Pelo menos 204 funcionários do Executivo federal perderam o cargo por desídia — falta de zelo e desinteresse pelo trabalho — entre 2017 e 2024, de acordo com o cadastro de expulsões da Controladoria-Geral da União (CGU).
O total corresponde a cerca de 5% das 4.152 demissões registradas no período e representa menos de 0,01% do universo de servidores públicos da União.
O pico de desligamentos por desídia ocorreu em 2022, quando 41 servidores foram dispensados. Nos anos seguintes, o número ficou abaixo de 20 casos anuais.
O Estatuto do Servidor prevê a demissão por desídia ao lado de outras faltas graves, como abandono de cargo, improbidade administrativa e uso da função para benefício próprio. No entanto, especialistas afirmam que a negligência é mais difícil de caracterizar, pois depende de avaliação de desempenho — ferramenta ainda pouco disseminada na administração pública.
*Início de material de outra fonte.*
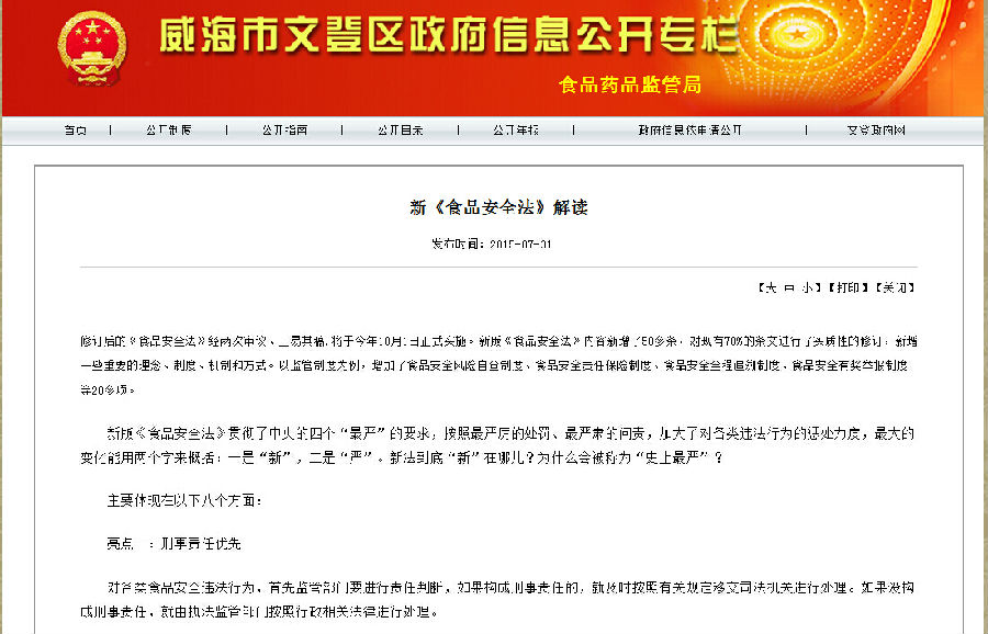 在政府信息公開過(guò)程中,威海市文登區(qū)食品藥品監(jiān)督管理局始終堅(jiān)持為民、便民、利民的原則,對(duì)印刷、郵寄等費(fèi)用都予以免費(fèi)。

Cibele Franzese, professora de administração pública da Fundação Getulio Vargas (FGV), explica que a conduta é classificada como mau comportamento reiterado, “com atrasos frequentes e descumprimento de ordens hierárquicas”. Segundo ela, a ausência de metas e indicadores definidos torna o processo de identificação mais complexo.
Em 2020, a Primeira Seção do Superior Tribunal de Justiça (STJ) decidiu que a demissão por desídia só é válida quando o comportamento inadequado se repete. O caso julgado envolveu um servidor do Departamento Nacional de Infraestrutura de Transportes (Dnit) que acabou reintegrado após a corte considerar a punição excessiva para uma primeira ocorrência.
Imagem: servidores no setor público via redir.folha.com.br
Renata Vilhena, professora da Fundação Dom Cabral (FDC) e presidente do conselho do Instituto República.org, afirma que a penalidade extrema deve ser aplicada apenas em situações de má conduta persistente e respaldada por provas concretas. Ela avalia que a falta de um sistema estruturado de avaliação gera insegurança jurídica e margem para decisões subjetivas.
Atualmente, o Programa de Gestão e Desempenho (PGD), baseado em metas e entregas, cobre aproximadamente um terço dos servidores do Executivo federal. Para Cibele Franzese, a recente proposta de reforma administrativa enviada à Câmara em outubro poderia ter tratado de forma mais detalhada a possibilidade de demissão por desempenho insuficiente, já prevista na Constituição mas ainda sem regulamentação específica.
O Ministério da Gestão e da Inovação em Serviços Públicos foi procurado, mas não se manifestou até a publicação desta matéria.